Task brief ▸
For the material below, return exactly the lines starting at the line containing "A manifestação se" and ending at the line containing "Dvora Held wurde", both ends included, and no others.

======== Provided entries

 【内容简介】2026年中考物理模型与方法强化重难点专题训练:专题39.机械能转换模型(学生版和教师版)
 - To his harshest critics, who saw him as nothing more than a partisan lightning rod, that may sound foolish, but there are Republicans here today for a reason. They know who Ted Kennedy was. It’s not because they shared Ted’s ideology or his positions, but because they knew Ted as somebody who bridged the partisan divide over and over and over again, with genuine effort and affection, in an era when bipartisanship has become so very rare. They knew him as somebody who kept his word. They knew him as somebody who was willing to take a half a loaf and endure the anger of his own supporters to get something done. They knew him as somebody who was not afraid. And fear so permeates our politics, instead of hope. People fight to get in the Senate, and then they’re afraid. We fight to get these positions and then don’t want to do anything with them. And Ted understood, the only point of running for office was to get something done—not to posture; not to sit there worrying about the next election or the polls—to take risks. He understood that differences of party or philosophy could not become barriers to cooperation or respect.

================
======== Provided entries

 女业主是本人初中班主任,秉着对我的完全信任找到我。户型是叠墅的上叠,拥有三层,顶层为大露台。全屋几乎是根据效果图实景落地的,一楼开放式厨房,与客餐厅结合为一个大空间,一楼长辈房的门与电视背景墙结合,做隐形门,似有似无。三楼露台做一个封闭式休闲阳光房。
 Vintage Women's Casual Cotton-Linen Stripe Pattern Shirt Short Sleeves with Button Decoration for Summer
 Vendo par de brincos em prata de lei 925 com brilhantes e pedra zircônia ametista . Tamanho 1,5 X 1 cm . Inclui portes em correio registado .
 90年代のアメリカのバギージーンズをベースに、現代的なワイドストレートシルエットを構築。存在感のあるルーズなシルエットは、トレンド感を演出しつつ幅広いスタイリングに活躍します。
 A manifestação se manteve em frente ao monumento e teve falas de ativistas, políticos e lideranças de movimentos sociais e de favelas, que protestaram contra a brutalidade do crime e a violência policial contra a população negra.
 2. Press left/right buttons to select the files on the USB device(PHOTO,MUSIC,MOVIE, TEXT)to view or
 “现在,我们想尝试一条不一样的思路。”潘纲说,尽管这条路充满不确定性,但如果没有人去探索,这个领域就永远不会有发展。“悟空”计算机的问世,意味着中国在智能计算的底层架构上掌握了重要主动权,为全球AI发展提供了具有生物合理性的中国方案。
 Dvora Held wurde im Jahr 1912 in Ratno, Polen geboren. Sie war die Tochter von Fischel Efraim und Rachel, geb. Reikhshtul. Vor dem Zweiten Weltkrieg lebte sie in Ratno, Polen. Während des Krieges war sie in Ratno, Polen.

================

Solution to the exercise ▸
 A manifestação se manteve em frente ao monumento e teve falas de ativistas, políticos e lideranças de movimentos sociais e de favelas, que protestaram contra a brutalidade do crime e a violência policial contra a população negra.
 2. Press left/right buttons to select the files on the USB device(PHOTO,MUSIC,MOVIE, TEXT)to view or
 “现在,我们想尝试一条不一样的思路。”潘纲说,尽管这条路充满不确定性,但如果没有人去探索,这个领域就永远不会有发展。“悟空”计算机的问世,意味着中国在智能计算的底层架构上掌握了重要主动权,为全球AI发展提供了具有生物合理性的中国方案。
 Dvora Held wurde im Jahr 1912 in Ratno, Polen geboren. Sie war die Tochter von Fischel Efraim und Rachel, geb. Reikhshtul. Vor dem Zweiten Weltkrieg lebte sie in Ratno, Polen. Während des Krieges war sie in Ratno, Polen.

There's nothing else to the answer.